No.5305, curiously and unlike most preserved Black 5s, is usually known by its LMS number. It is an Armstrong Whitworth locomotive constructed in 1937. It spent its working life all over the more southerly sections of the former LMS network and saw its final allocation to Lostock Hall (in Preston), and lasted to the end of main line steam on British Railways in the summer of 1968. It was then sent for scrap.
No.5305 became the last locomotive on the scrap line of Drapers of Hull, who broke up 742 former BR locomotives. No.5305 was to have been the 743rd and last, but it was decided to keep it and bring it back to full running order.
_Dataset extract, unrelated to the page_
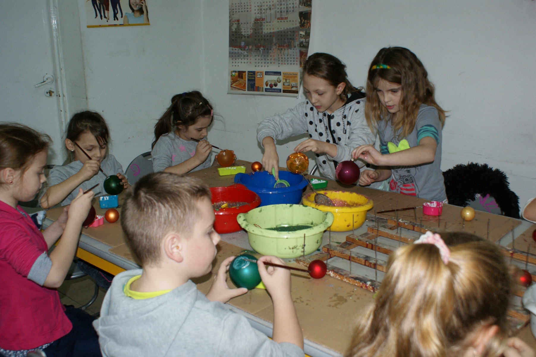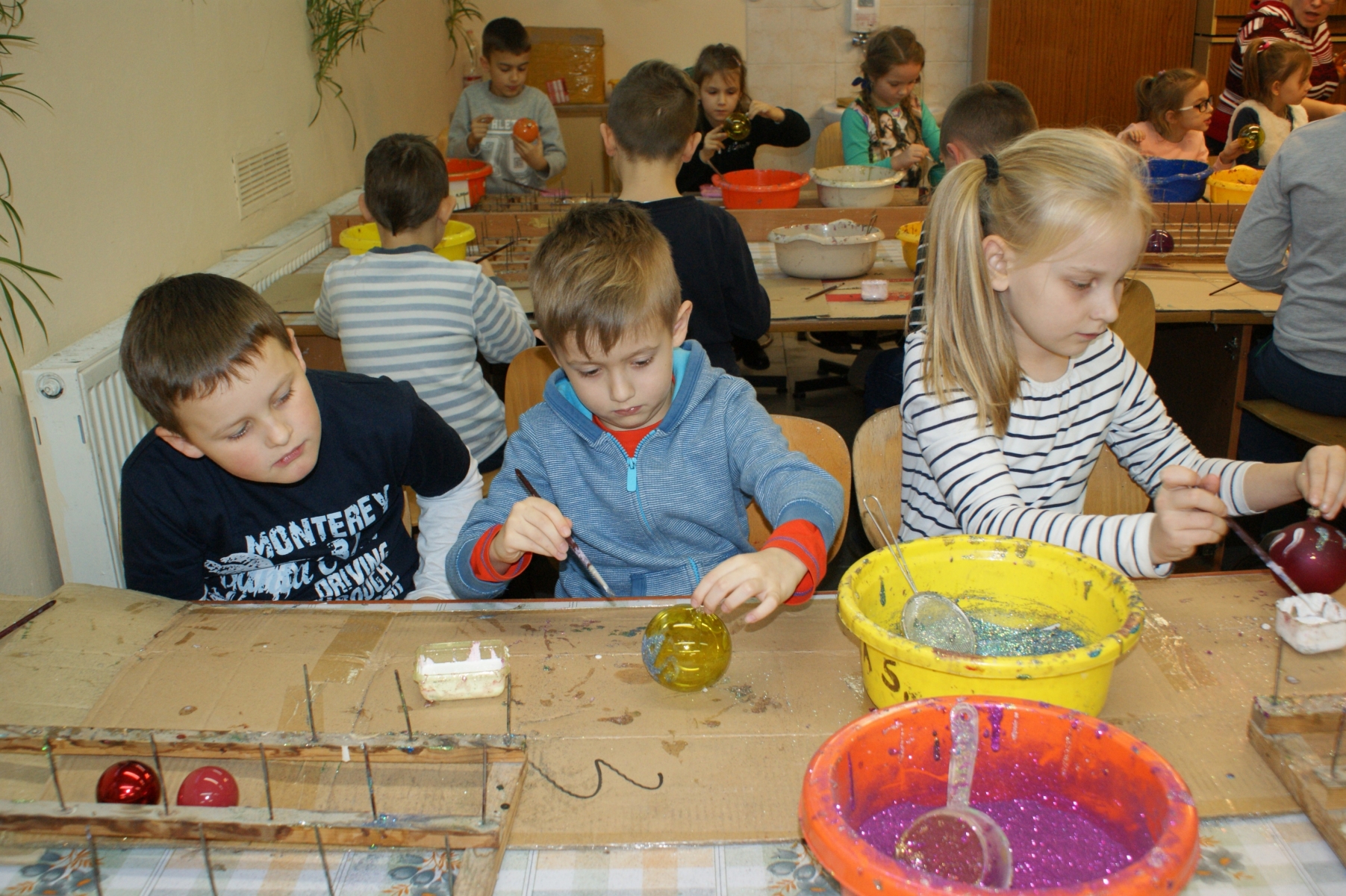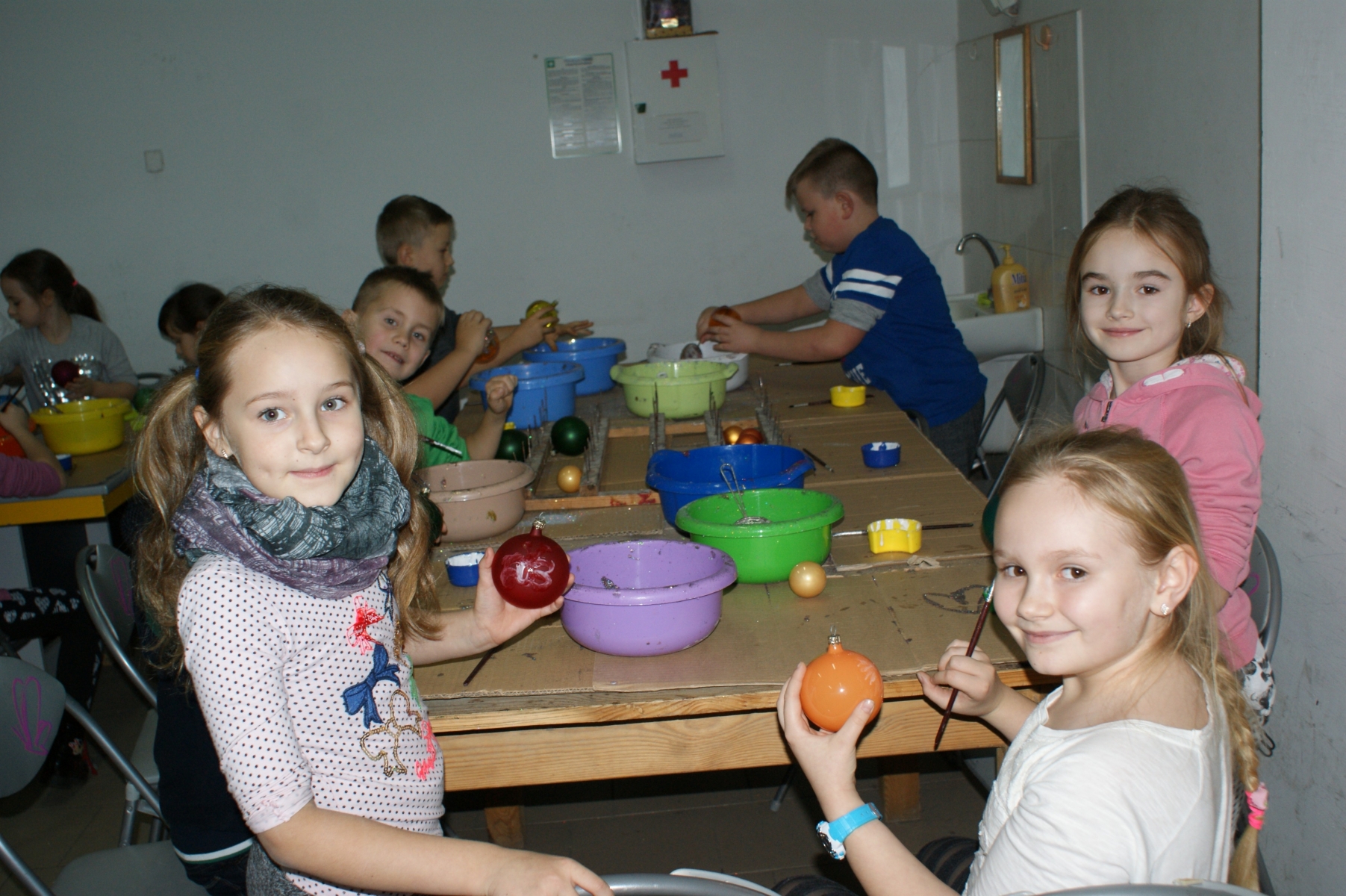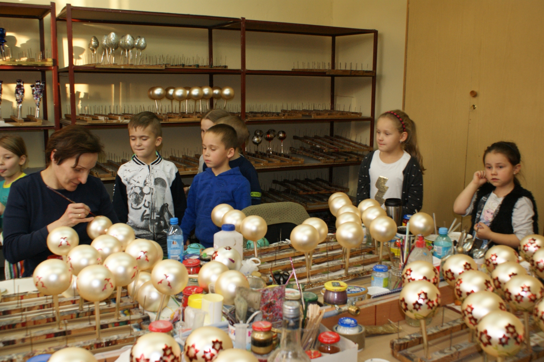Ten mały zakład zrobił na nas ogromne wrażenie. Poznaliśmy tajniki tworzenia tych pięknych ozdób, które co roku sprawiają, że nasze choinki urzekająco lśnią i błyszczą. Z zapartym tchem śledziliśmy kolejne etapy powstawania bajecznie kolorowych bombek: dmuchanie szkła, srebrzenie, lakierownie, zdobienie. Sami także dostaliśmy po dwie „szklane bombki”, które mogliśmy ozdobić według własnego pomysłu. Każdy z nas starał się wyczarować najróżniejsze wzory, aby jego bombka prezentowała się okazale i wspaniale. Nasze bombki mieniły się różnymi kolorami tęczy. Zabraliśmy je do domów by zdobiły nasze „drzewka” podczas świąt.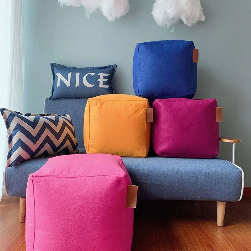 Authentic Lazy-Life French Bean Bag Stool - Comfortable No-Bone Shoe Bench with Thick Square Felt Seat - 50% Off!

No.5305 was put in the care of the Humberside Locomotive Preservation Group and based at Hull Dairycoates MPD where it was eventually brought up to full main line standard. The locomotive left Hull Dairycoates in April, 1992 on the closure of that shed and went to RAF Binbrook in Lincolnshire. It arrived on the GCR 20th November, 1996 and was returned to service in 2003. On 26th April, 2005 the Mayor of Charnwood, Mike Jones, welcomed the Lord Mayor of Hull, John Fareham, to the Great Central Railway to re-name the engine “Alderman A E Draper’” using the plates used when the locomotive was first named in 1984. The locomotive remains in the ownership of A E Draper and Sons and is in the long term care of the 5305 Locomotive Association, the successor to the Humberside Locomotive Preservation Group.
Now at the Keighley and Worth Valley Railway. A long term visitor to the Railway, 5305 Locomotive Association’s LMS 5MT is normally based on the Great Central Railway.